Scikit-Learn provides the QuadraticDiscriminantAnalysis class for performing QDA. Here's an example of how to use it:

In [None]:
import numpy as np
import matplotlib.pyplot as plt
from sklearn.discriminant_analysis import LinearDiscriminantAnalysis, QuadraticDiscriminantAnalysis
from sklearn.model_selection import train_test_split
from sklearn.metrics import accuracy_score

# Create a synthetic dataset. 2 Gaussians samples with different covariance matrices
n, dim = 300, 2
C = np.array([[0.0, -1.0], [2.5, 0.7]]) * 2.0
X = np.r_[np.dot(np.random.randn(n, dim), C),np.dot(np.random.randn(n, dim), C.T) + np.array([1, 4]),]
y = np.hstack((np.zeros(n), np.ones(n)))
# Split the dataset into training and testing sets
X_train, X_test, y_train, y_test = train_test_split(X, y, test_size=0.3, random_state=42)

# Create an LDA model
lda = LinearDiscriminantAnalysis()
lda.fit(X_train, y_train)
# Predict the target values for testing data using LDA
y_pred_lda = lda.predict(X_test)
# Calculate accuracy for LDA
accuracy_lda = accuracy_score(y_test, y_pred_lda)
print("LDA Accuracy:", accuracy_lda)

# Create a QDA model
qda = QuadraticDiscriminantAnalysis()
qda.fit(X_train, y_train)
# Predict the target values for testing data using QDA
y_pred_qda = qda.predict(X_test)
# Calculate accuracy for QDA
accuracy_qda = accuracy_score(y_test, y_pred_qda)
print("QDA Accuracy:", accuracy_qda)

# Create a meshgrid for decision boundary plotting
xx, yy = np.meshgrid(np.linspace(X[:, 0].min() - 1, X[:, 0].max() + 1, 200),
                     np.linspace(X[:, 1].min() - 1, X[:, 1].max() + 1, 200))
X_grid = np.c_[xx.ravel(), yy.ravel()]

# Calculate Z for decision boundaries
zz_lda = lda.predict(X_grid).reshape(xx.shape)
zz_qda = qda.predict(X_grid).reshape(xx.shape)

# Create scatter plots for the original data
plt.figure(figsize=(12, 5))
plt.subplot(1, 3, 1)
plt.scatter(X[:, 0], X[:, 1], c=y, cmap='viridis', edgecolors='k')
plt.xlabel('Feature 1')
plt.ylabel('Feature 2')
plt.title('Original Data')

plt.subplot(1, 3, 2)
plt.contourf(xx, yy, zz_lda, cmap='viridis', alpha=0.5)
plt.scatter(X[:, 0], X[:, 1], c=y, cmap='viridis', edgecolors='k')
plt.xlabel('Feature 1')
plt.ylabel('Feature 2')
plt.title('LDA Decision Boundary')

plt.subplot(1, 3, 3)
plt.contourf(xx, yy, zz_qda, cmap='viridis', alpha=0.5)
plt.scatter(X[:, 0], X[:, 1], c=y, cmap='viridis', edgecolors='k')
plt.xlabel('Feature 1')
plt.ylabel('Feature 2')
plt.title('QDA Decision Boundary')
plt.tight_layout()
plt.show()

This code demonstrates the use of Linear Discriminant Analysis (LDA) and Quadratic Discriminant Analysis (QDA) on a synthetic dataset with two Gaussian clusters, each having different covariance matrices.
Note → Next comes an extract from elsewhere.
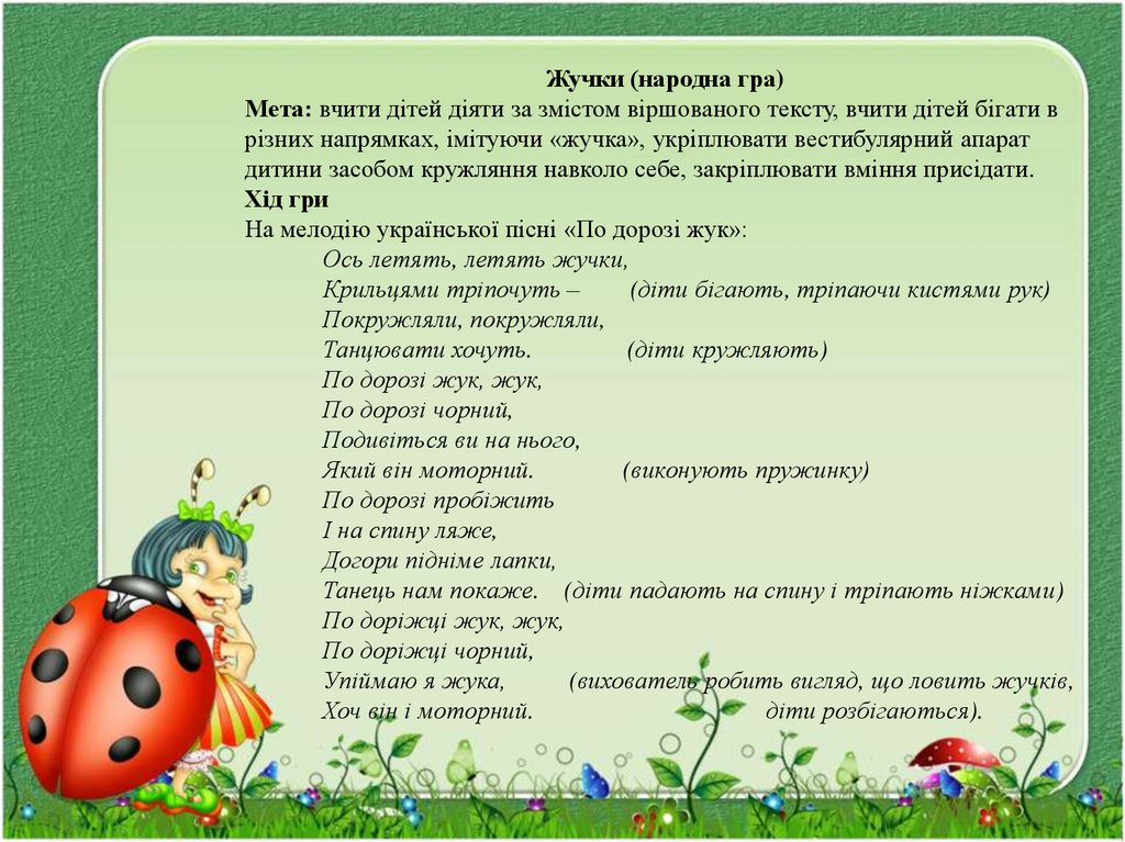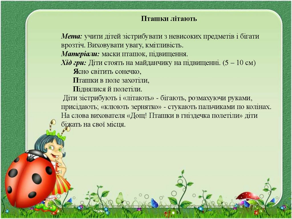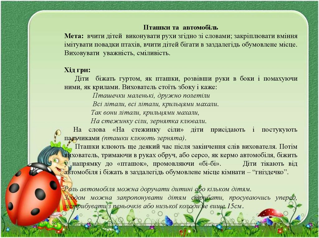 Пташки та автомобільМета: вчити дітей виконувати рухи згідно зі словами; закріплювати вміння

The data points in each cluster are not only distributed differently along each feature but also have different levels of variability or correlation between features. This creates a more complex and non-linear data distribution, which can be challenging for some machine learning algorithms to classify accurately.

The dataset is split into training and testing sets, and both LDA and QDA models are applied.

LDA is first utilized to create a linear decision boundary for classification. The accuracy of LDA on the test data is approximately 63.33%. Subsequently, QDA is employed, which allows for more flexible decision boundaries due to its consideration of class-specific covariance matrices. QDA achieves a higher accuracy of around 78.89% on the same test data.

### 8.3 Summary

Quadratic Discriminant Analysis (QDA) is a useful classification algorithm that relaxes the equal covariance assumption of LDA and allows for different class covariances. It can capture more complex decision boundaries and is particularly useful when the class distributions have different covariance structures.